Bioengineered kidneys transplanted into living rats from which one kidney had been removed began producing urine as soon as the blood supply was restored, with no evidence of bleeding or clot formation. The overall function of the regenerated organs was significantly reduced compared with that of normal, healthy kidneys, something the researchers believe may be attributed to the immaturity of the neonatal cells used to repopulate the scaffolding.

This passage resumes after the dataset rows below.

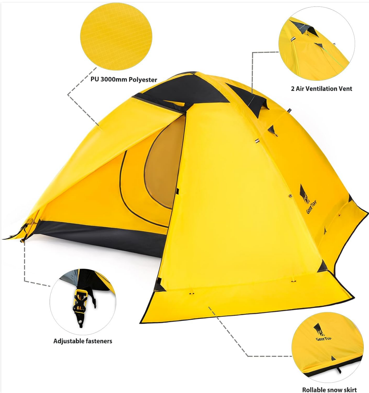
Key features of the GEERTOP tent, including material, ventilation, and adjustable components.
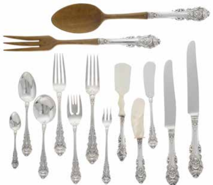
1015 (part lot)
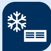
Mine air cooling systems
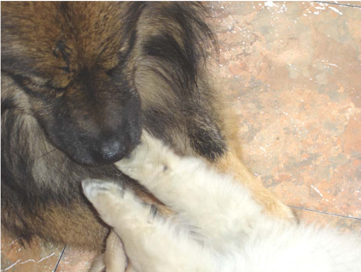
This Lapphund puppy has a submissive attitude in front of our beloved Eurasier Black Motion Simba of Eurasia . This is a part of dog's body language we should understand and use in every dog's education program.

Your dog was trained in obedience and it executes all commands you ask it to do. Fine... but this has no connection to the leadership attitude! Obedience training is like your job. You do it from 9h00 to 17h00 and after work, you do your best to forget it and relax! It's the same thing for your dog. Under leash, in a dog training school, the dog does its job. But when it returns to home, if the leadership is not there, the dog "forget" its obedience and can even challenge the owners! The leadership is based on your body language and attitude, not on your words.
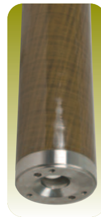
Bottom Fill with No Screen
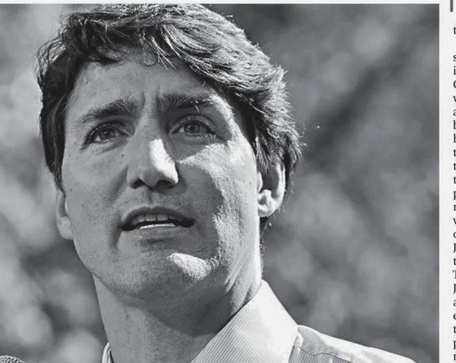
Canada's Prime Minister Justin Trudeau speaks during an election campaign stop in Winnipeg, Manitoba, Canada, on September 19, 2019.

The numbers centring the elections are crucial to understand. The Liberals won a total of 157 seats, dropping their share by 27 from 2015. The Conservatives attained 121 seats, moving up by 22 seats. Immigrant-based communities across the country, amongst which many of the 55,000 to 60,000 Bangladeshi expatriates voted for the first time, leaned strongly towards supporting Trudeau's mandate.
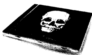
The Palominos Internazionale Goodnight Loving Trail EP
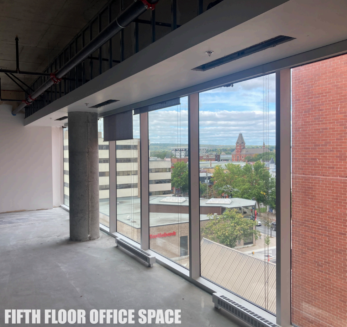
FIFTH FLOOR OFFICE SPACE
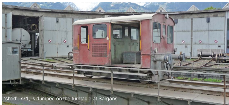
'shed', 771, is dumped on the turntable at Sargans
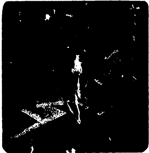
HASPEG Curriculum Workshop

Another source of evaluation was sought in 1973 when the administration appointed an evaluation team to conduct a general review of the POSS/HASPEG program; the team was composed of lay persons and teachers from other Danesville schools. The team's overall evaluation was quite positive; however, the evaluation team was concerned about the eighth graders' achievement scores and suggested more American history and political science be added to the program. Acting on their recommendation, the staff has added new units in these areas.
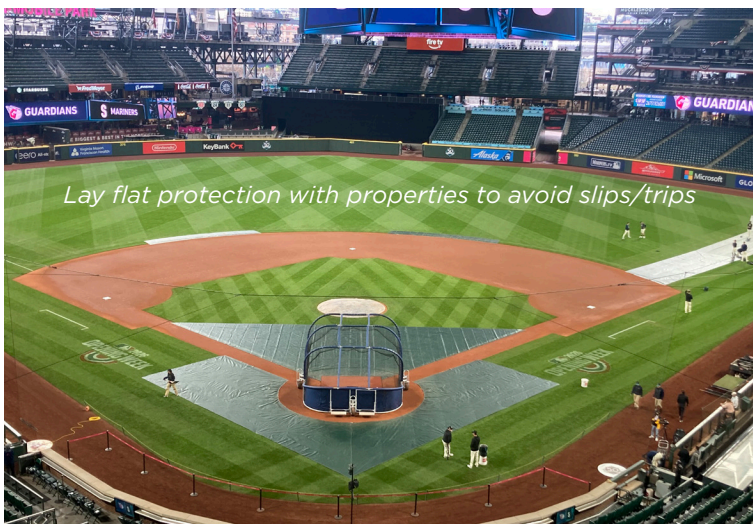
Lay flat protection with properties to avoid slips/trips
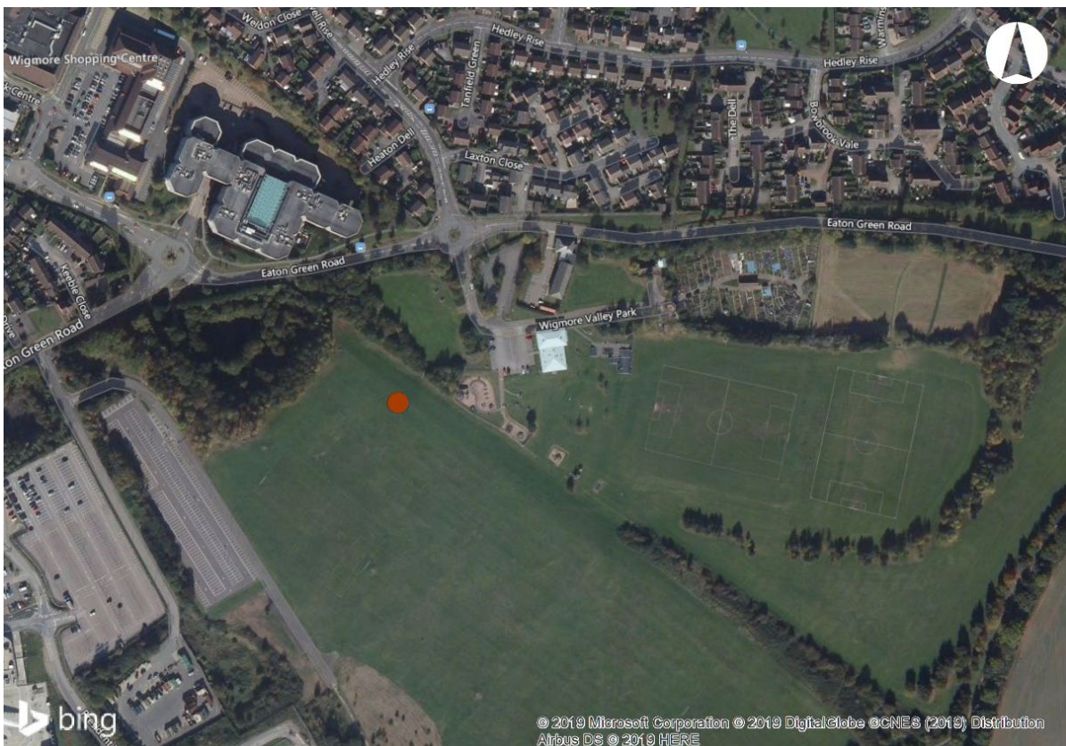
Inset 2: Wigmore Valley Park user count survey location

2.2.8 The location of user count surveys was selected during the first site visit. The chosen location is shown in Inset 2 . The location was selected because of its extensive 360-degree view over a large proportion of Wigmore Valley Park, including the car park, children's play area, skate facility and large open spaces in the north and west extent of the park. A limitation of the location is that it may not capture all users of the park, particularly those in the southern, more densely vegetated area. However due to the 15-minute duration of the survey, it is anticipated that most users would be recorded as they traverse through the open space.
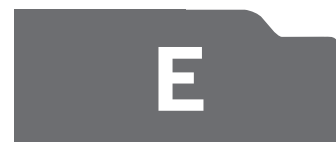
E OGGE EDGE
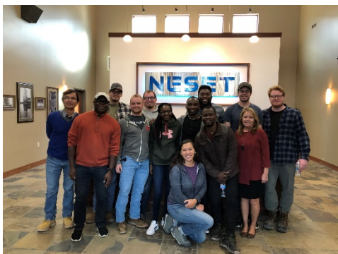
Tour of Neset Consulting
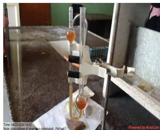
Fig 7.5 :- Viscosity Examination

Density of water x Time required to flow water.
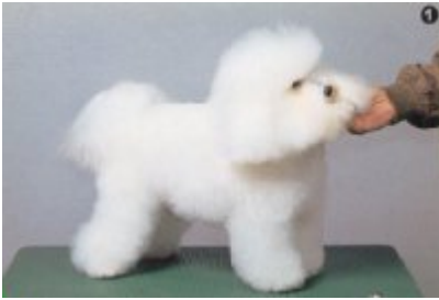
1. Before cut. Check merits and demerits of your Bichon at this time.
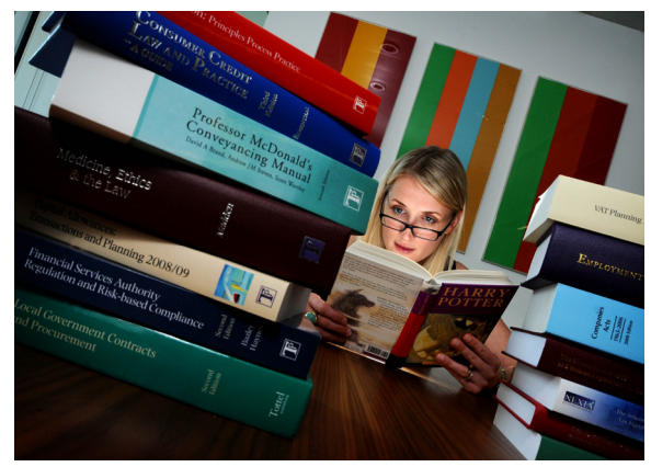
"Tottel Publishing meets Harry Potter"

The Company's original investment cost of £235,200 had already been reduced to £148,568 in March of this year when Tottel repaid 50% of the Company's loan stock investment.
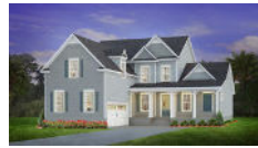
5561 Alpine Drive Summerville SC
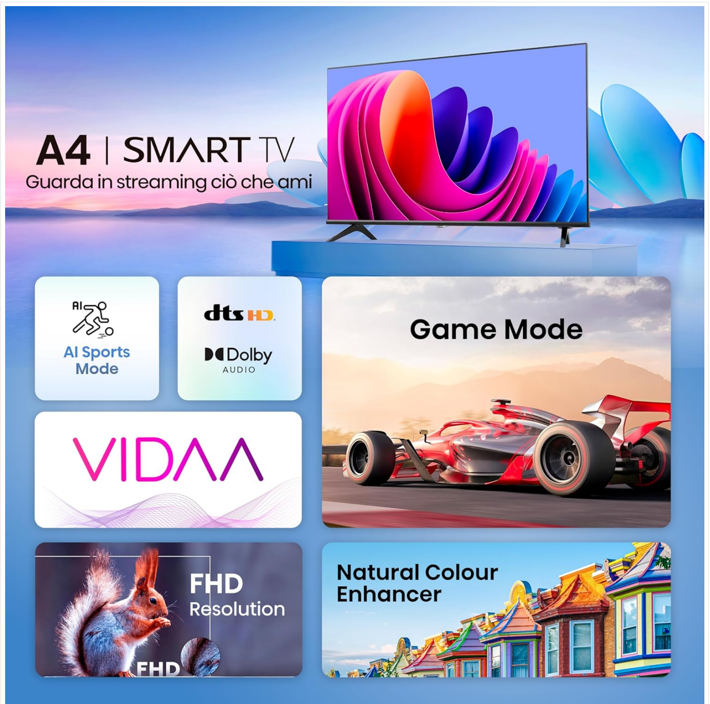
Figure 5.3: Key Features. This image highlights several key features of the Hisense A4 Smart TV, including AI Sports Mode, DTS HD, Dolby Audio, Game Mode, VIDAA, FHD Resolution, and Natural Colour Enhancer.
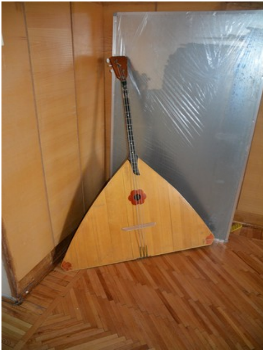
We were inside the post office in the hotel. I just had to have a picture of this balalaika.

"Further refinement of the cell types used for seeding and additional maturation in culture may allow us to achieve a more functional organ," says Ott. "Based on this inital proof of principle, we hope that bioengineered kidneys will someday be able to fully replace kidney function just as donor kidneys do. In an ideal world, such grafts could be produced 'on demand" from a patient's own cells, helping us overcome both the organ shortage and the need for chronic immunosuppression. We're now investigating methods of deriving the necessary cell types from patient-derived cells and refining the cell-seeding and organ culture methods to handle human-sized organs."

Ott's team focuses on the regeneration of hearts, lungs, kidneys and grafts made of composite tissues, while other teams – including one from the MGH Center for Engineering in Medicine – are using the decellularization technique to develop replacement livers. Lead author of the Nature Medicine paper is Jeremy Song, MGH Center for Regenerative Medicine; additional co-authors are Jacques Guyette, PhD, Sarah Gilpin, PhD, Gabriel Gonzalez, PhD, and Joseph Vacanti, MD, all of the MGH Center for Regenerative Medicine. The study was supported by National Institute of Health Director's New Innovator Award DP2 OD008749-01.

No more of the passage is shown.